What sort of operator on a scalar function would obey this? Edit: Stupid question. Conjugate reversal, like you said.

[Kuroneko]

Ah-hah.

Oh-hoh! That works, but methinks you're making it harder than it has to be. In particular, we don't need to know whether H is invertible for this problem.

What sort of operator on a scalar function would obey this?

Well, you answered this question already, but antilinearity, A(αx+βy) = α*Ax+β*Bx, actually occurs in another interesting way in quantum mechanics--a way that's usually hidden by furious handwaving.

Side note: To clear up a potential confusion, the prior discussion does mean that the charge conjugacy operator is also antilinear--in the Dirac theory of the electron. However, it is not antilinear in QED, the corresponding field theory (but time reversal still is). Also, you may see the action of the operator defined through their square roots in that context, as in Pψ(t,x)P = ηγ0ψ(t,-x) and Tψ(t,x)T = ηγ1γ3ψ(-t,x), etc., with some phase η, but overall the situation is analogous.

In quantum mechanics, our states live in Hilbert space H (or close to it, anyway), ... .

You've probably learned the probabilistic interpretation of quantum mechanics, which involves interpreting a particle state at a particular time as a wavefunction ψ in in ℋ = L², the space of square-integrable functions, and that |ψ|² as a probability density of finding the particle at a given point. This is all a lie, albeit usually not a very important one.

First, we trivially can't take all of L², since we some Hamiltonian like H = -(ℏ²/2m)∇² + V doesn't make sense for most square-integrable functions. That's fine; we can just take some dense subspace Φ where the position, momentum, and Hamiltonian operators Q,P,H are give well-defined (square-integrables) results at all powers. Second, the energy eigenfunctions of the free particle, the plane wave, is not in L² (and neither are a position eigenfunctions, etc.), but we can deal with this through some Fourier trickery and the Dirac delta. In other words, now we have to consider Φ*, the dual space of linear functionals over Φ (1).

This makes a lot of sense: if we have a bra <ψ| acting on some linear combinations of states |0> and |1> (that we can get via correspondence from Φ), then
[1] <ψ|a0+b1> = a<ψ|0> + b<ψ|1>,
so bras live in the dual space Φ*. What of kets? Since
[2] <a0+b1|ψ> = a*<0|ψ> + b*<1|ψ>,
kets live in the antidual space Φ× of antilinear functionals over Φ.

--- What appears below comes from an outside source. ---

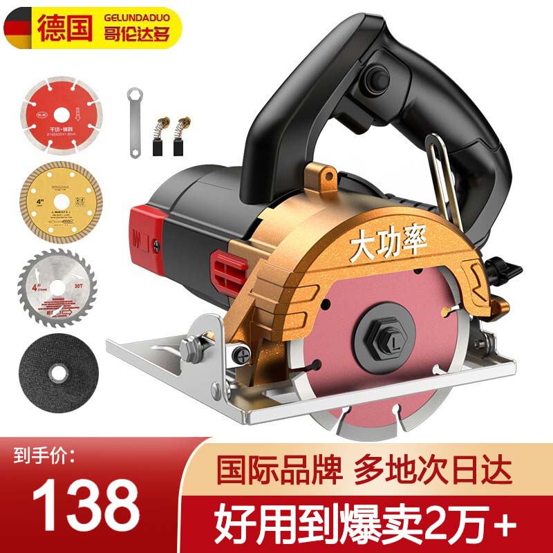 德国哥伦达多 云石机瓷砖多功能家用开槽机小型木材石材无齿手提电动斜齿锯45度切割机木工 尊选金色旗舰款+(豪华大礼包)

Antilinearity was there all along. It just looked unobtrusive because we pretended that the correspondence between bras and kets was between L² and its dual, rather than between the dual and the antidual. As a matter of terminology, (Φ,ℋ,Φ*,×) are called Gel'fand triples. Gel'fand also explained why there is a Hilbert space in the first place, but that's another (more interesting) story.

(1) More generally, we need Φ* whenever we're dealing with continuous spectra. Also note that dual space Φ* is the space of all linear functionals f:Φ→ℂ, f(αx+βy) = αf(x)+βf(y), rather than just the continuous ones (which wouldn't improve anything, since the continuous dual space Φ' is isomorphic to Φ by the Riesz representation theorem). For example, the Dirac delta is a discontinuous linear functional (why?). The antidual space is defined in the same manner, just with complex conjugates.